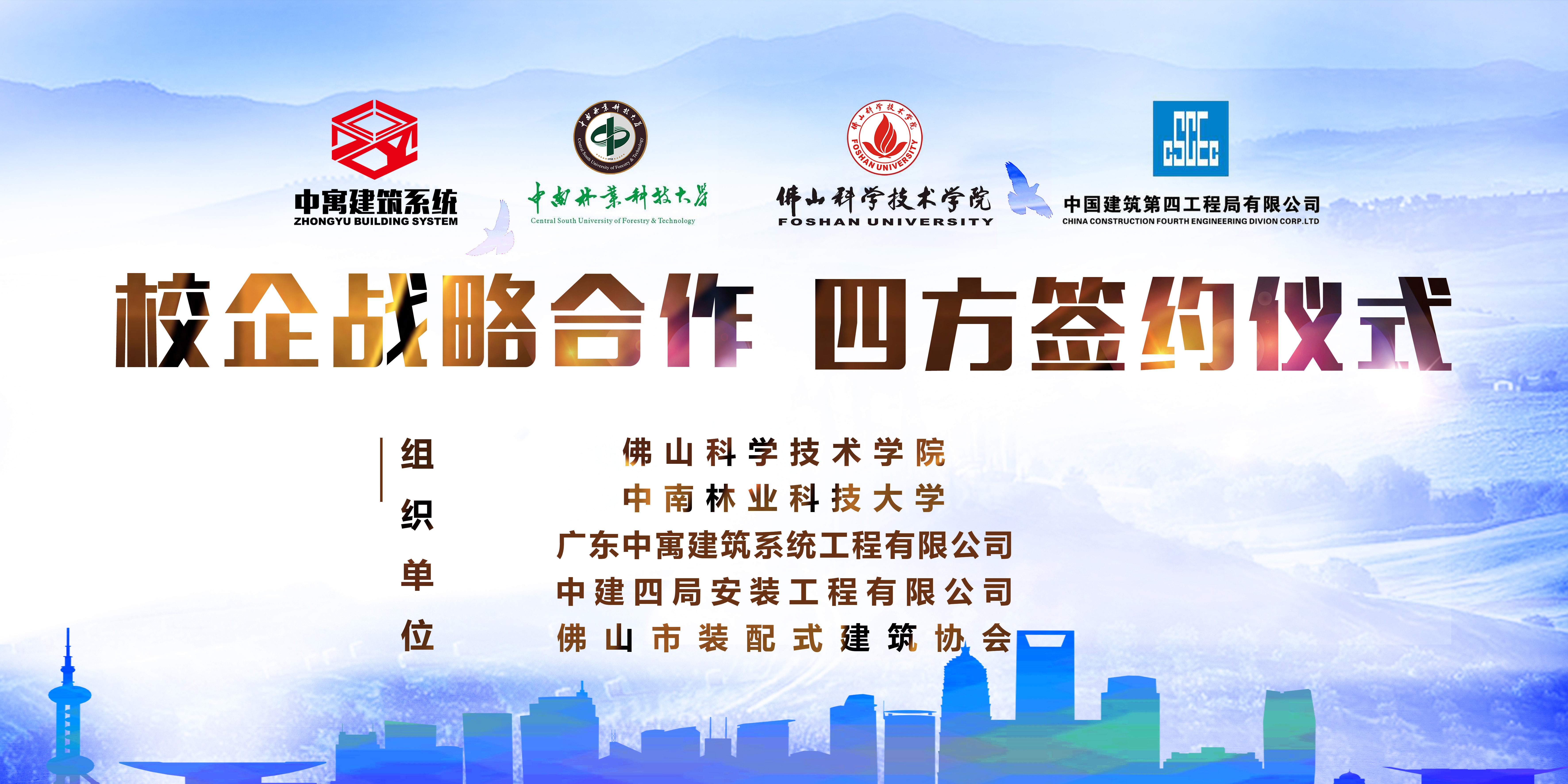 为确立长期战略合作伙伴关系,建立校企产学研合作机制,本着加强合作、优势互补、平等互利、共同发展的原则。2020年8月9日上午10:00,在佛山科学技术学院(仙溪校区)行政楼A1栋5楼533会议室,佛山科学技术学院交通与土木建筑学院、中南林业科技大学土木工程学院、星空web版登录入口、中建四局安装工程有限星空online(中国)、佛山市装配式建筑协会五方单位共同组织、举行了校企战略合作四方签约仪式。
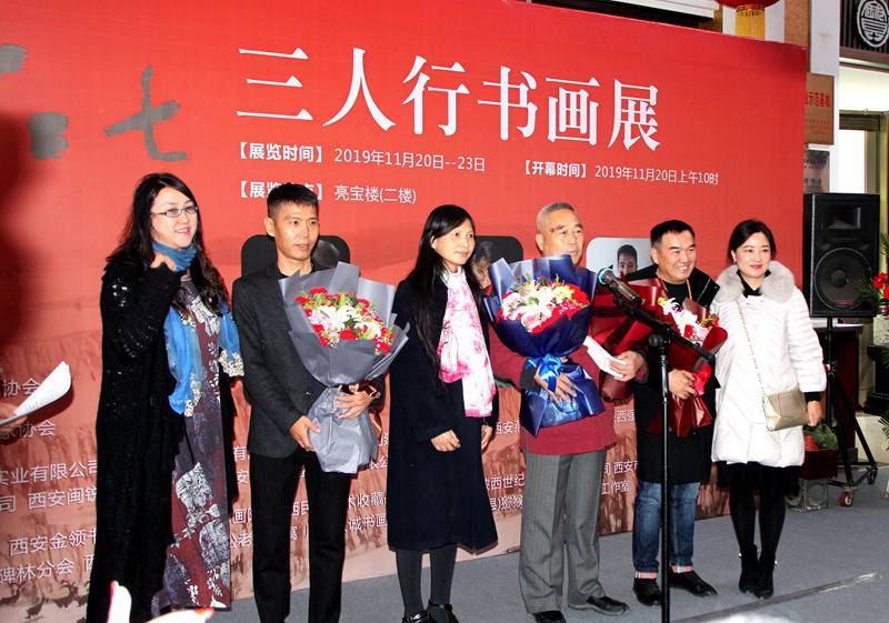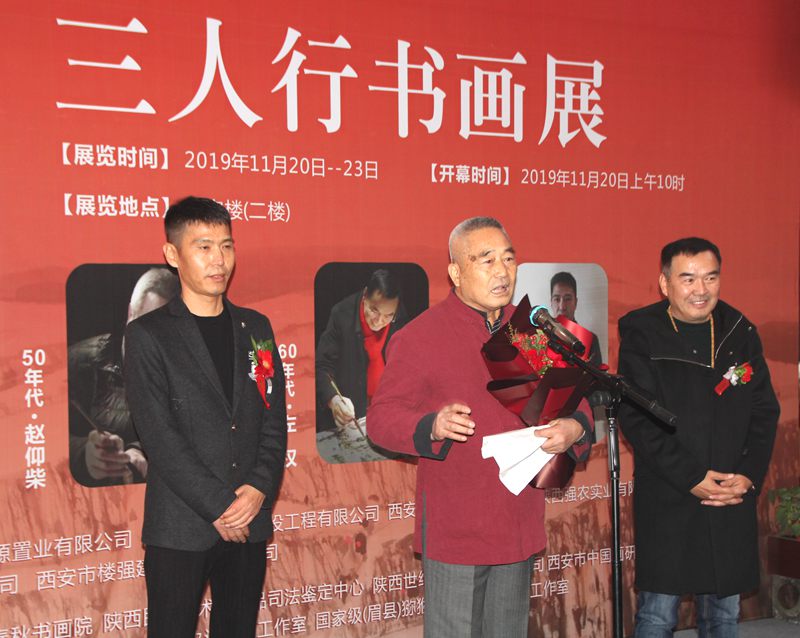 本网讯(赵刚)11月20日上午,由陕西省美术家协会、陕西于右任书法学会、西安市中国画研究会主办,西安市燕云房地产开发有限公司、陕西强农实业有限公司、西安楼强建设工程有限公司、陕西丰华建设有限公司、陕西闽锐玻璃有限公司、陕西省民间艺术收藏协会、陕西世纪传承拍卖有限公司等联合协办的“五·六·七——赵仰柴、左权、杜朝辉老中青三人书画作品展”在西安亮宝楼隆重开幕。
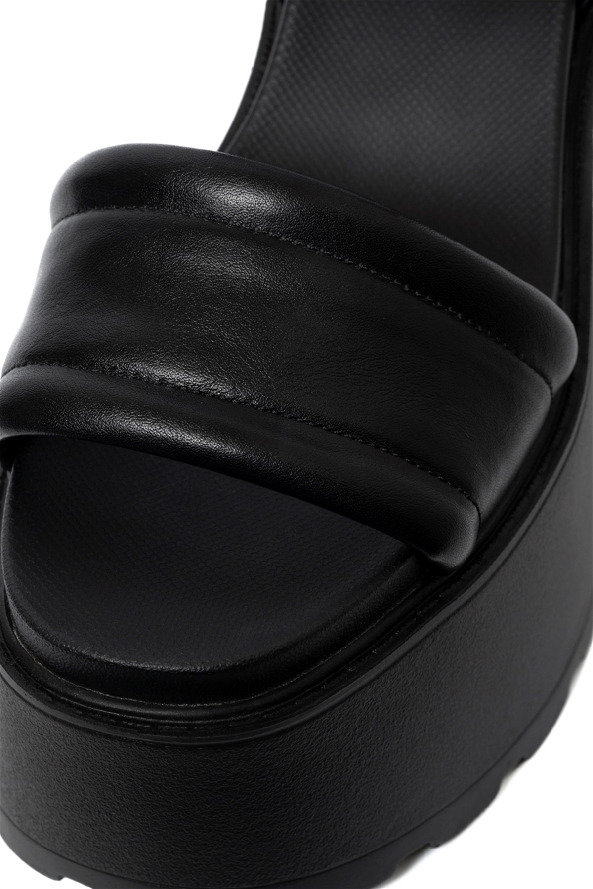 R&E パイピングステッチストラップ厚底モールドソールサンダル
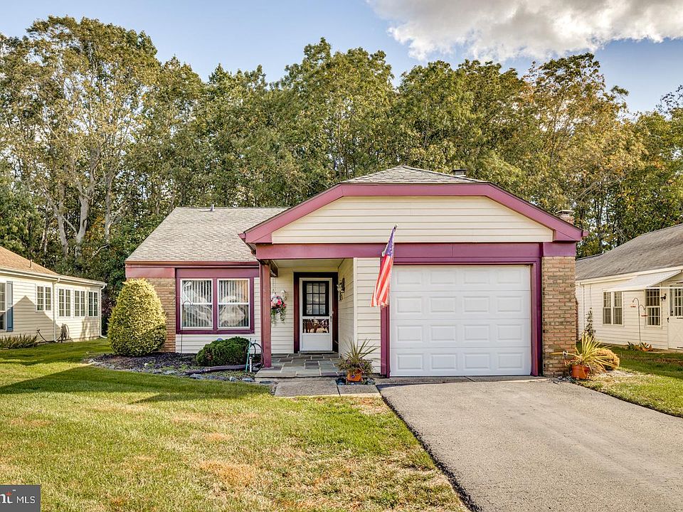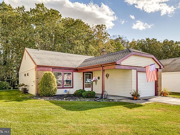 Backing to the peaceful woods of Lookout Park, this cozy rancher on "Big Hill" awaits your personal touches! The sunroom is the perfect spot to enjoy the sunrise with your wake-up cup of mocha. The wood-burning fireplace and insert with blower will keep you toasty on those cool winter nights. Along with the shelves in the garage, the floored garage attic offers even more storage space for your hobbies and holiday decor. Leisuretowne is a 55+ active adult community with lots of activities and features including 2 pools, tennis courts, shuffleboard, fitness center, several lakes, hiking and jogging trails, bus transportation to the grocery store, and more; all included with an incredibly low monthly association fee. This home is being sold as-is and the seller will provide the C.O. Make it yours today!
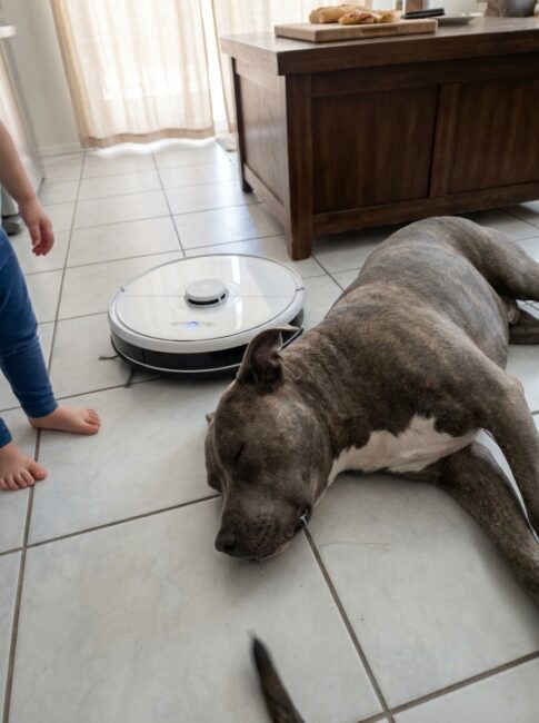 The Roborock was running its scheduled afternoon cycle. It had been running for about six minutes. Boone had been lying on the cool kitchen tile near the back patio doors — his favorite afternoon spot — with his eyes closed.
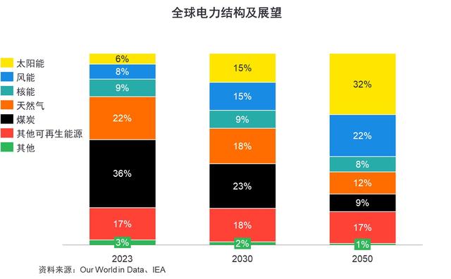 縱觀全球電力結(jié)構(gòu),2023年石油、煤炭和天然氣三大傳統(tǒng)能源仍占主導(dǎo)地位,占比高達(dá)61%,可再生能源占比約為39%,其中太陽能發(fā)電僅占6%。全球電力結(jié)構(gòu)正面臨深刻變革,根據(jù)國(guó)際能源署(IEA)預(yù)測(cè),到2030年,傳統(tǒng)能源發(fā)電主導(dǎo)地位受到挑戰(zhàn);到2050年,可再生能源將成為電力結(jié)構(gòu)的主力軍,占比高達(dá)79%,其中太陽能發(fā)電預(yù)計(jì)將達(dá)到32%。
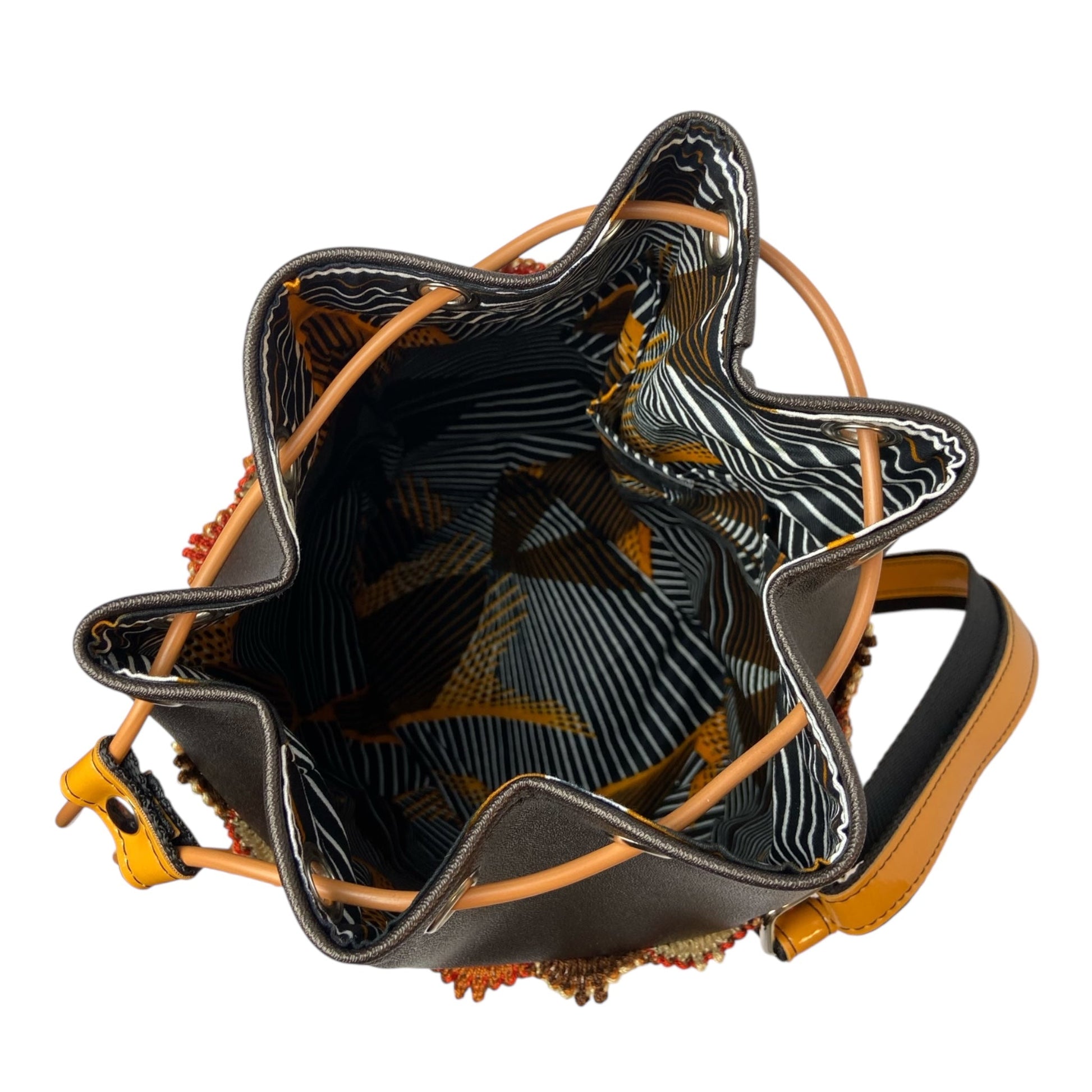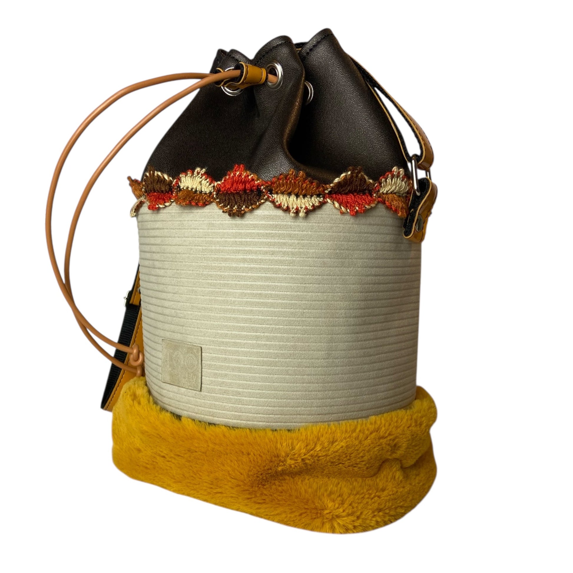 🎨 Dettagli curati: rifinito con passamaneria intrecciata multicolore; bordatura in pelliccia ecologica gialla; interno foderato in cotone wax 100% – fantasia che varia su ogni borsa;
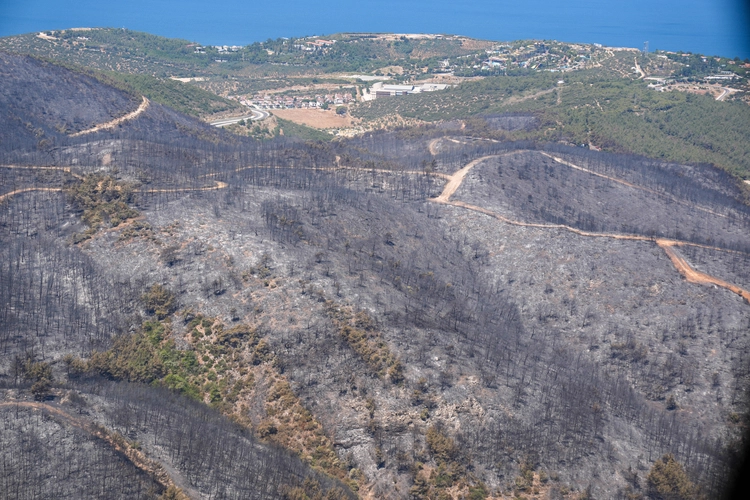 İzmir'in Selçuk ilçesinde zarar gören orman alanı helikopterden görüntülendi

━━━━━━━━━━━━━━━━

> [WHAT NEEDS TO BE DONE]
Only the lines from the top of the material above down to the line bearing "R&E パイピングステッチストラップ厚底モールドソールサンダル", that line included, should be set down exactly; no pictures.

> [RESPONSE]
 为确立长期战略合作伙伴关系,建立校企产学研合作机制,本着加强合作、优势互补、平等互利、共同发展的原则。2020年8月9日上午10:00,在佛山科学技术学院(仙溪校区)行政楼A1栋5楼533会议室,佛山科学技术学院交通与土木建筑学院、中南林业科技大学土木工程学院、星空web版登录入口、中建四局安装工程有限星空online(中国)、佛山市装配式建筑协会五方单位共同组织、举行了校企战略合作四方签约仪式。
 本网讯(赵刚)11月20日上午,由陕西省美术家协会、陕西于右任书法学会、西安市中国画研究会主办,西安市燕云房地产开发有限公司、陕西强农实业有限公司、西安楼强建设工程有限公司、陕西丰华建设有限公司、陕西闽锐玻璃有限公司、陕西省民间艺术收藏协会、陕西世纪传承拍卖有限公司等联合协办的“五·六·七——赵仰柴、左权、杜朝辉老中青三人书画作品展”在西安亮宝楼隆重开幕。
 R&E パイピングステッチストラップ厚底モールドソールサンダル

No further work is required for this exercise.